## Work request
Below is a listing with pictures in it. Copy it exactly without them.

## Data to process
^^^^^^^^

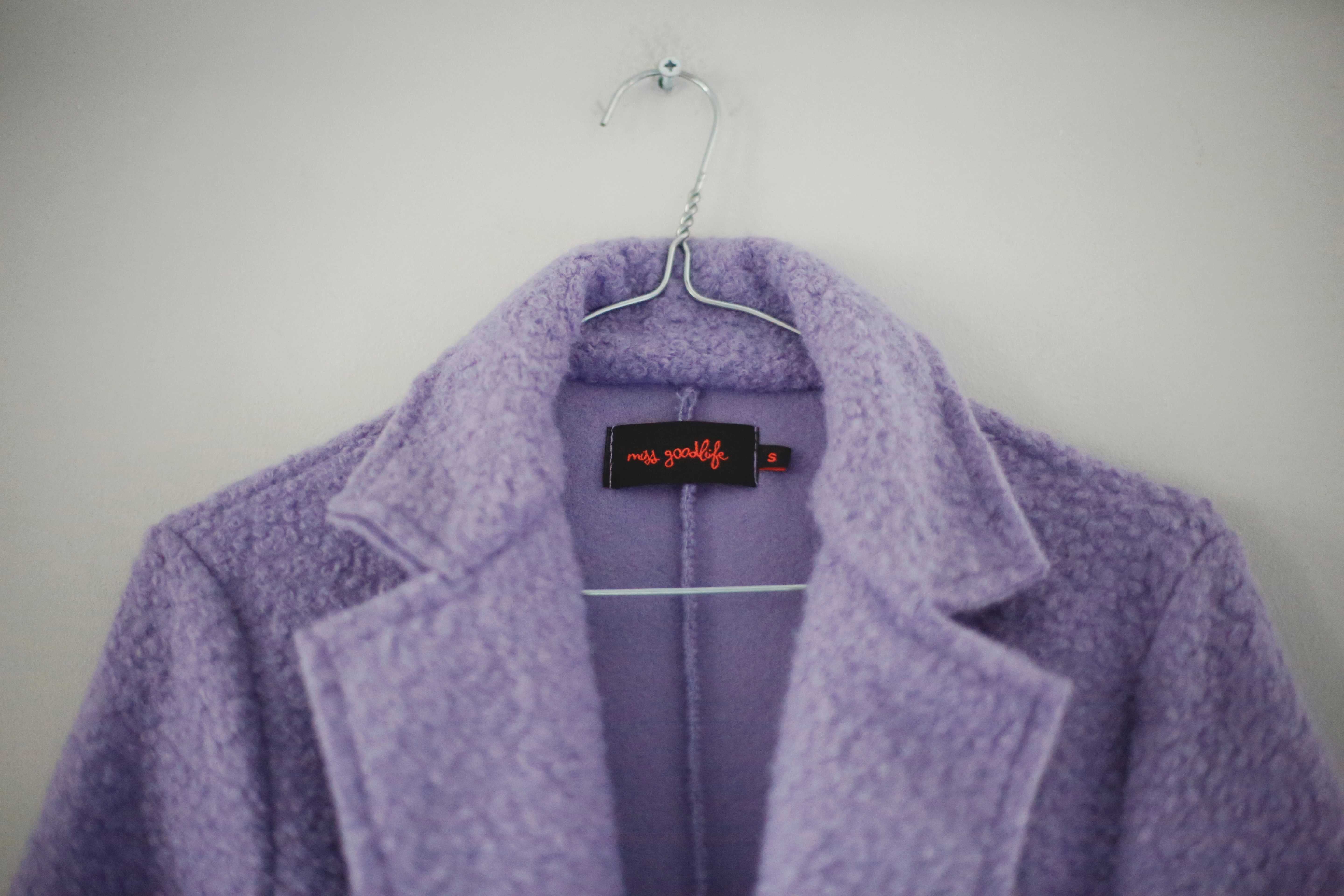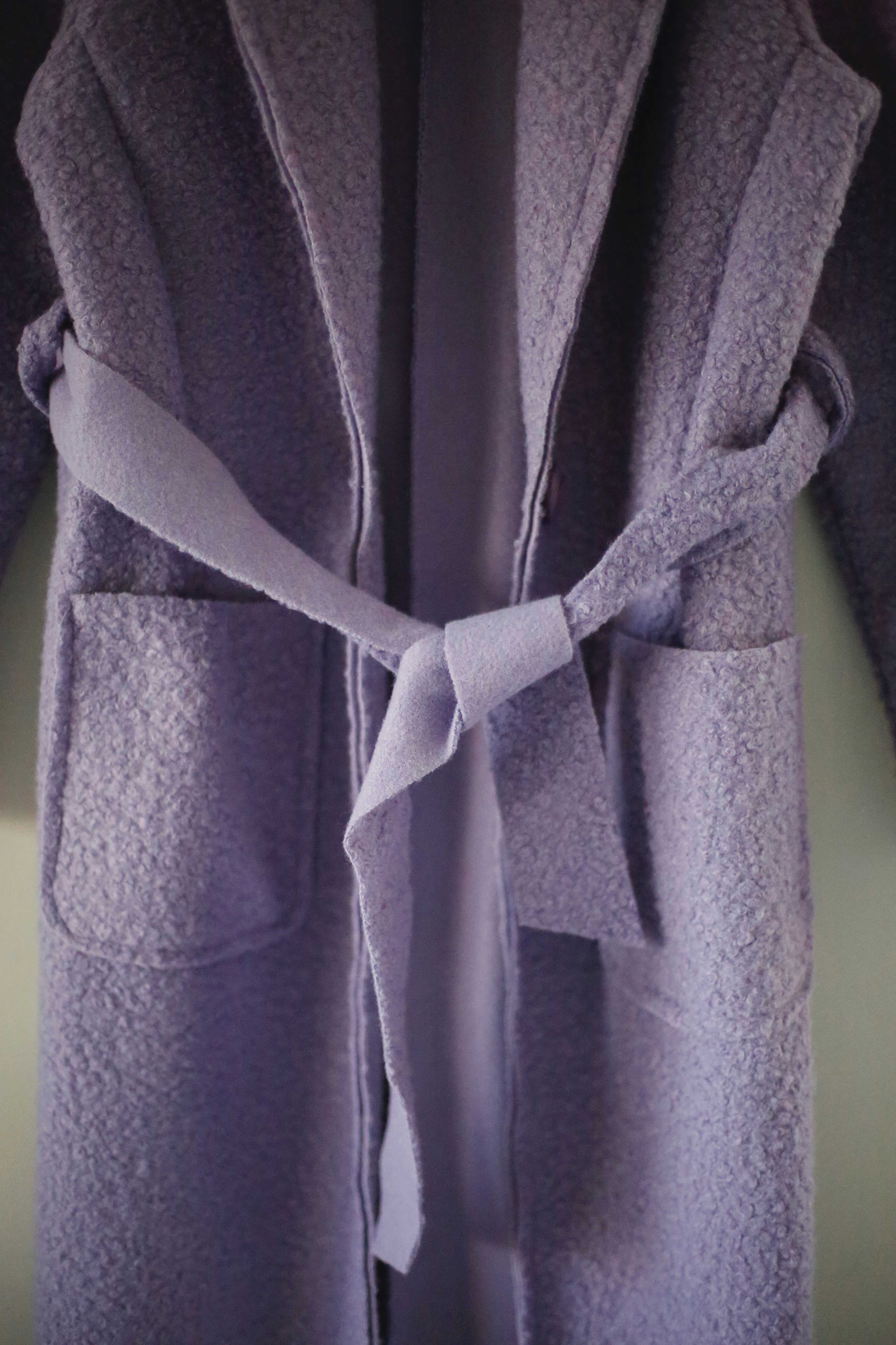 Lila Wickelmantel in einer 36 S von Miss Goodlife. 38 cm Achselweite und 120 cm Länge. Plus Versand
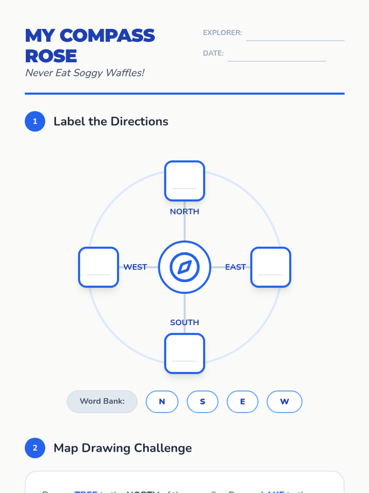 This sequence teaches 1st Grade students the fundamentals of navigation, starting with relative directional words and progressing to cardinal directions and simple alphanumeric grids. The lessons culminate in a practical scavenger hunt applying these skills.
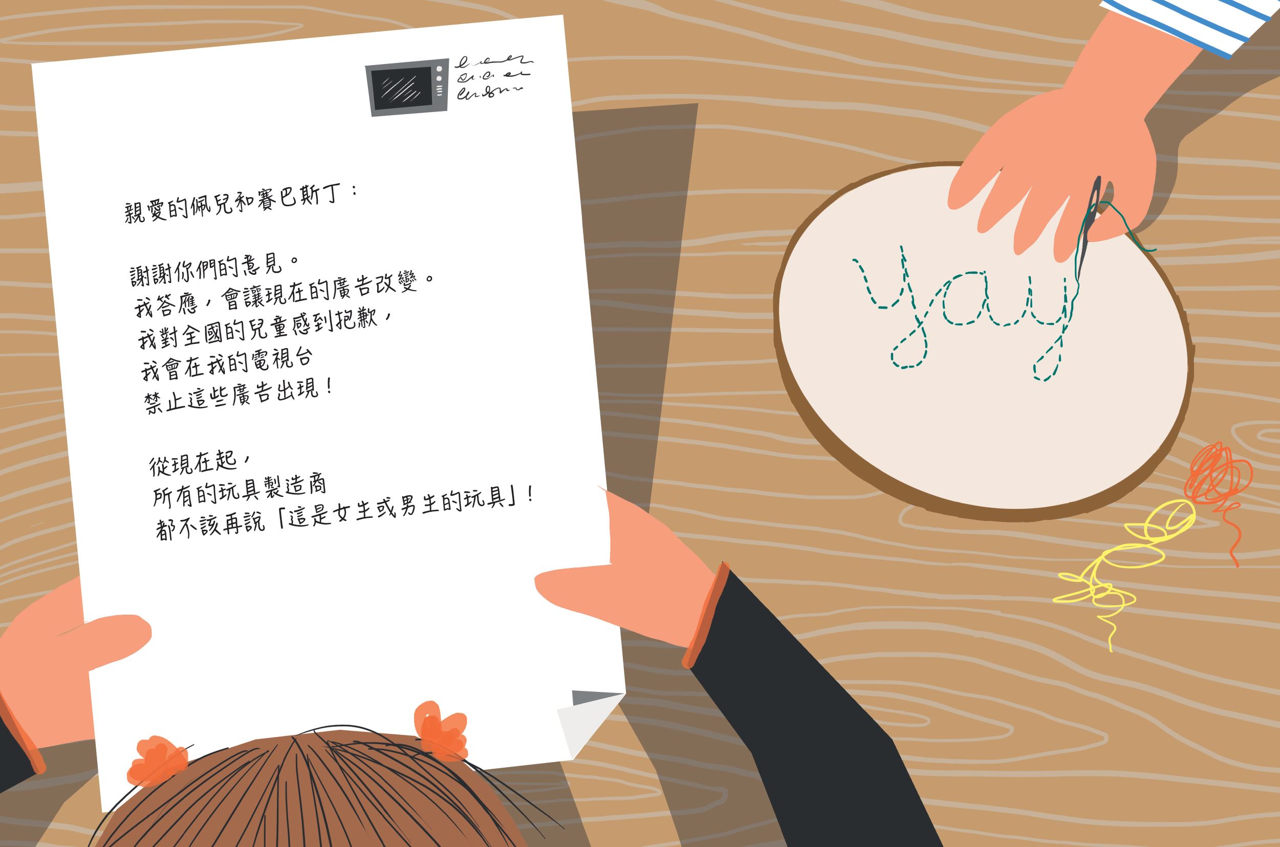 他們發現,傑洛的性別刻板印象是從電視廣告來的,於是決定改變這個大環境。他們寫信給電視台,而電視台也回信了,承諾以後不會繼續在電視台上播放帶有性別刻板印象的廣告,因為「玩具是不分性別的。」
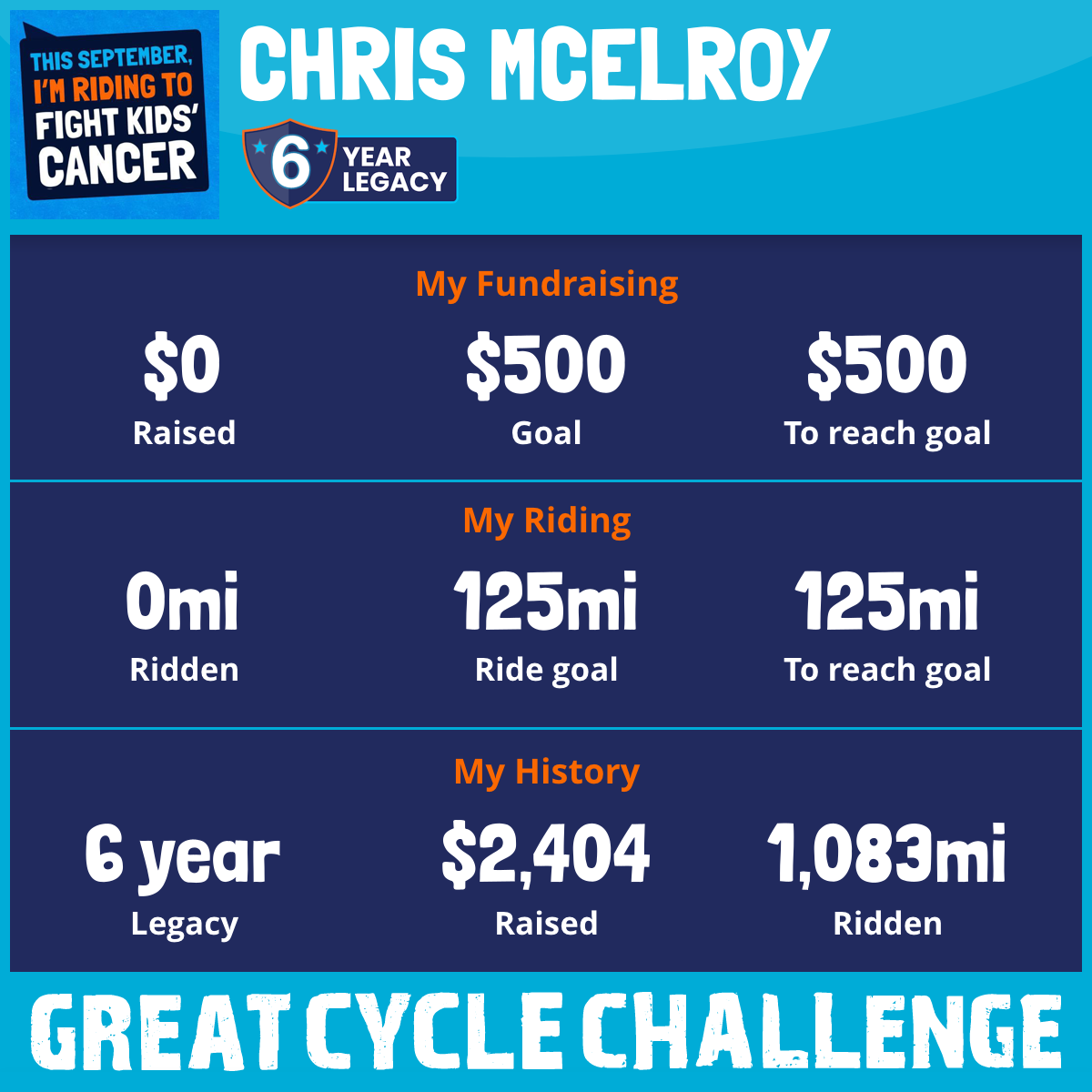I am riding 125 mi for All. Please sponsor me and support my challenge to fight kids' cancer and save little lives.
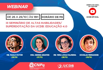 A Universidade Católica Dom Bosco (UCDB) dá início nesta segunda-feira (26), a partir das 18h, ao III Seminário de Altas Habilidades/Superdotação da UCDB: Educação 4.0. O evento, com transmissão ao vivo pelo YouTube oficial da UCDB, vai até a próxima quinta-feira (29), destinado para acadêmicos dos cursos de Psicologia, Pedagogia, Engenharia e Biologia, além de estudantes do ensino médio e professores do ensino fundamental e médio.
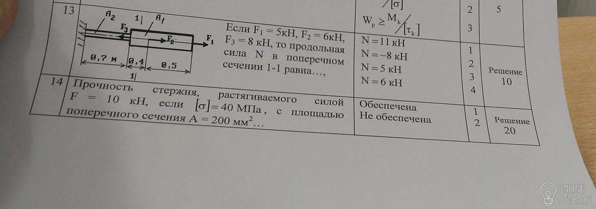 13) Поскольку на сечение I-I действуют только силы F1 = 5 H и F2 = 6 Н, то ответ: N = 5+6 = 11 кН
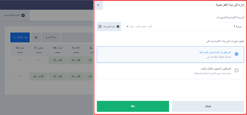 - من قسم “تطبيق تغييرات الورديات الافتراضية على” اختر أحد الخيارات التالية:
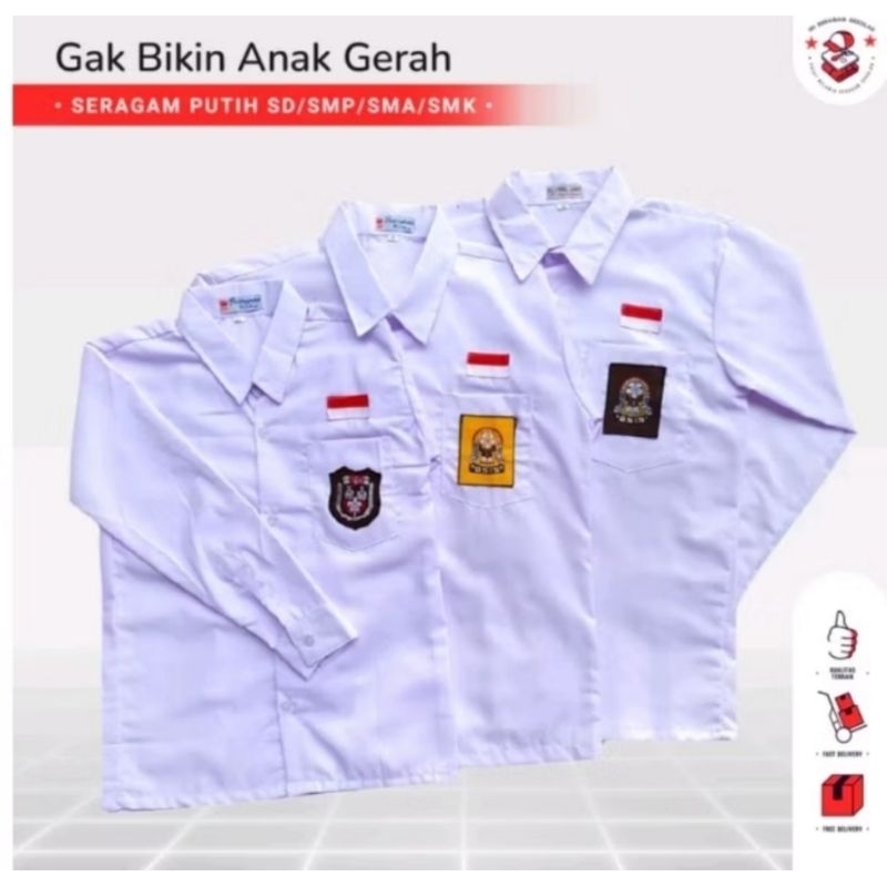 Seragam Sekolah - Kemeja Panjang Putih BED BORDIR SD/SMP/SMA
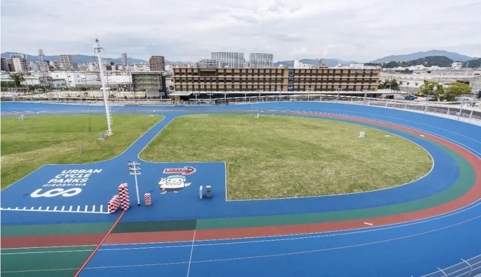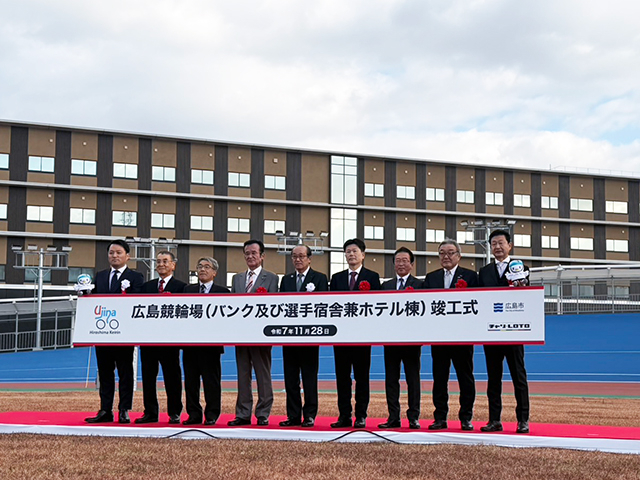 競輪とアーバンサイクルスポーツが融合する複合施設「アーバンサイクルパークス広島」の新バンク・選手宿舎兼ホテル棟が令和7(2025)年11月28日(金)に竣工
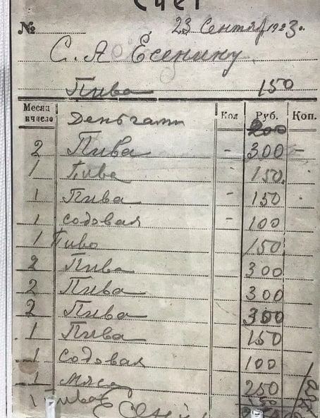 Счёт Есенина в ресторане, 1923 год
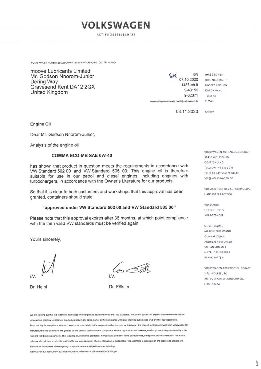 • Допуски ОЕМ: Ford WSS-M2C937-A, MB226.5, MB229.5, Porsche A40, Renault RN0700,Renault RN0710,VW 502.00, VW 505.00
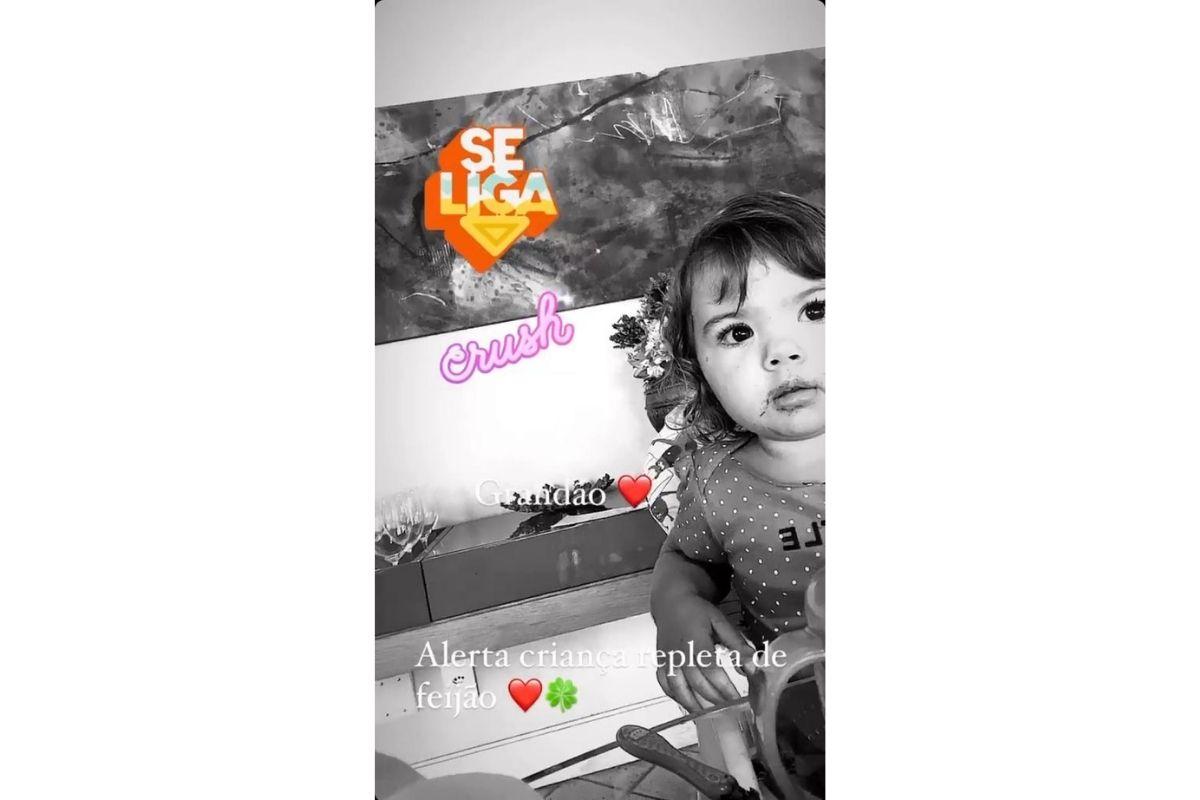 Após da postagem bem humorada, Tatá mostra a filha de pé com sujeira de feijão na boca. “Alerta, criança repleta de feijão”, diz a comediante.
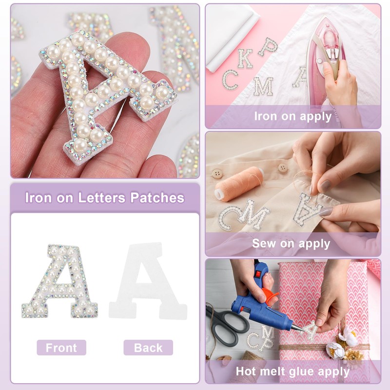 - Self Adhesive English Letter Patches]: Color:White; Material: Plastic, Rhinestones, Non-woven Fabric; Size: 4.5 x 4.5cm / 1.77x1.77" (L*W); Package Content: 10Pcsx Iron on Letters Patches
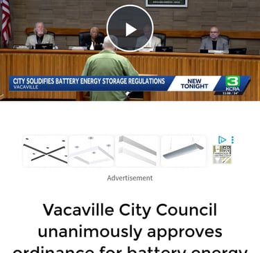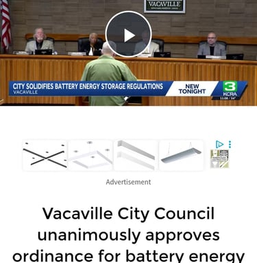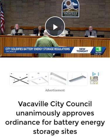 In March 2026, the Vacaville, California City Council unanimously approved a new ordinance regulating BESS facilities following community safety concerns and public discussion.
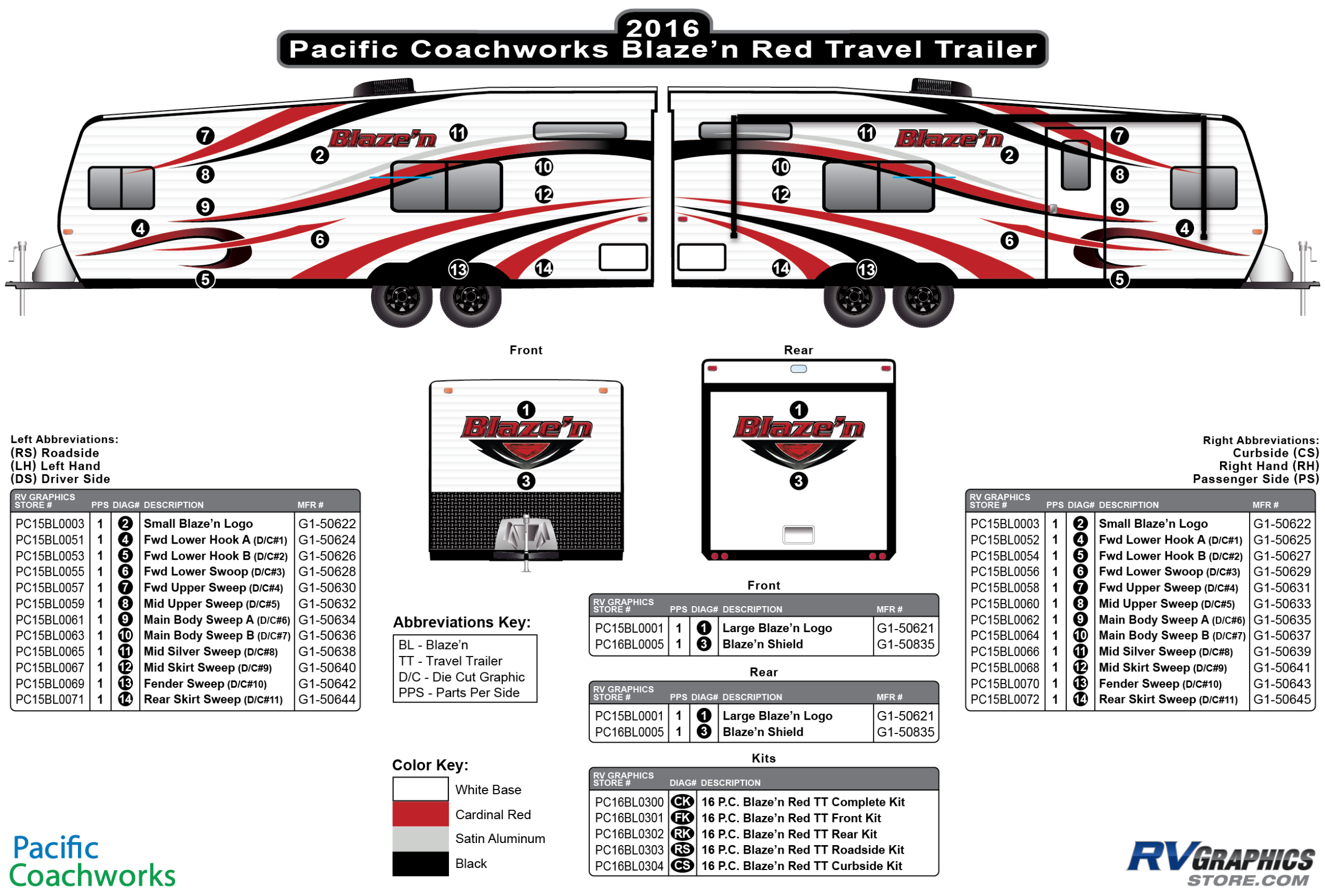 Description: 12 Piece 2016 Blaze'n Red Travel Trailer Curbside Decal Kit

^^^^^^^^

## Written answer
 Lila Wickelmantel in einer 36 S von Miss Goodlife. 38 cm Achselweite und 120 cm Länge. Plus Versand
 This sequence teaches 1st Grade students the fundamentals of navigation, starting with relative directional words and progressing to cardinal directions and simple alphanumeric grids. The lessons culminate in a practical scavenger hunt applying these skills.
 他們發現,傑洛的性別刻板印象是從電視廣告來的,於是決定改變這個大環境。他們寫信給電視台,而電視台也回信了,承諾以後不會繼續在電視台上播放帶有性別刻板印象的廣告,因為「玩具是不分性別的。」
I am riding 125 mi for All. Please sponsor me and support my challenge to fight kids' cancer and save little lives.
 A Universidade Católica Dom Bosco (UCDB) dá início nesta segunda-feira (26), a partir das 18h, ao III Seminário de Altas Habilidades/Superdotação da UCDB: Educação 4.0. O evento, com transmissão ao vivo pelo YouTube oficial da UCDB, vai até a próxima quinta-feira (29), destinado para acadêmicos dos cursos de Psicologia, Pedagogia, Engenharia e Biologia, além de estudantes do ensino médio e professores do ensino fundamental e médio.
 13) Поскольку на сечение I-I действуют только силы F1 = 5 H и F2 = 6 Н, то ответ: N = 5+6 = 11 кН
 - من قسم “تطبيق تغييرات الورديات الافتراضية على” اختر أحد الخيارات التالية:
 Seragam Sekolah - Kemeja Panjang Putih BED BORDIR SD/SMP/SMA
 競輪とアーバンサイクルスポーツが融合する複合施設「アーバンサイクルパークス広島」の新バンク・選手宿舎兼ホテル棟が令和7(2025)年11月28日(金)に竣工
 Счёт Есенина в ресторане, 1923 год
 • Допуски ОЕМ: Ford WSS-M2C937-A, MB226.5, MB229.5, Porsche A40, Renault RN0700,Renault RN0710,VW 502.00, VW 505.00
 Após da postagem bem humorada, Tatá mostra a filha de pé com sujeira de feijão na boca. “Alerta, criança repleta de feijão”, diz a comediante.
 - Self Adhesive English Letter Patches]: Color:White; Material: Plastic, Rhinestones, Non-woven Fabric; Size: 4.5 x 4.5cm / 1.77x1.77" (L*W); Package Content: 10Pcsx Iron on Letters Patches
 In March 2026, the Vacaville, California City Council unanimously approved a new ordinance regulating BESS facilities following community safety concerns and public discussion.
 Description: 12 Piece 2016 Blaze'n Red Travel Trailer Curbside Decal Kit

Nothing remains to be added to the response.